Information provided>
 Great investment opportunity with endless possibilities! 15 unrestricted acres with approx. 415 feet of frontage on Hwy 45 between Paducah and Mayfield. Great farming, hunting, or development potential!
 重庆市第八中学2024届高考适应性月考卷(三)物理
* * *
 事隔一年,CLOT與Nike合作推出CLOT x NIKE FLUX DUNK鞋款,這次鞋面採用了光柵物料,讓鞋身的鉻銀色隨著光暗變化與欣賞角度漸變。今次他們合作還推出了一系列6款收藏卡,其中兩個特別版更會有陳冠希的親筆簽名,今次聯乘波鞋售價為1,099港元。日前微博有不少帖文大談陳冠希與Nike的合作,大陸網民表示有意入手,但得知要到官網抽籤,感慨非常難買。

To do> Your task is to retype the entries verbatim, starting with the line that holds "Great investment opportunity" and stopping after the line that holds "重庆市第八中学2024届高考适应性月考卷(三)物理".

Response area>
 Great investment opportunity with endless possibilities! 15 unrestricted acres with approx. 415 feet of frontage on Hwy 45 between Paducah and Mayfield. Great farming, hunting, or development potential!
 重庆市第八中学2024届高考适应性月考卷(三)物理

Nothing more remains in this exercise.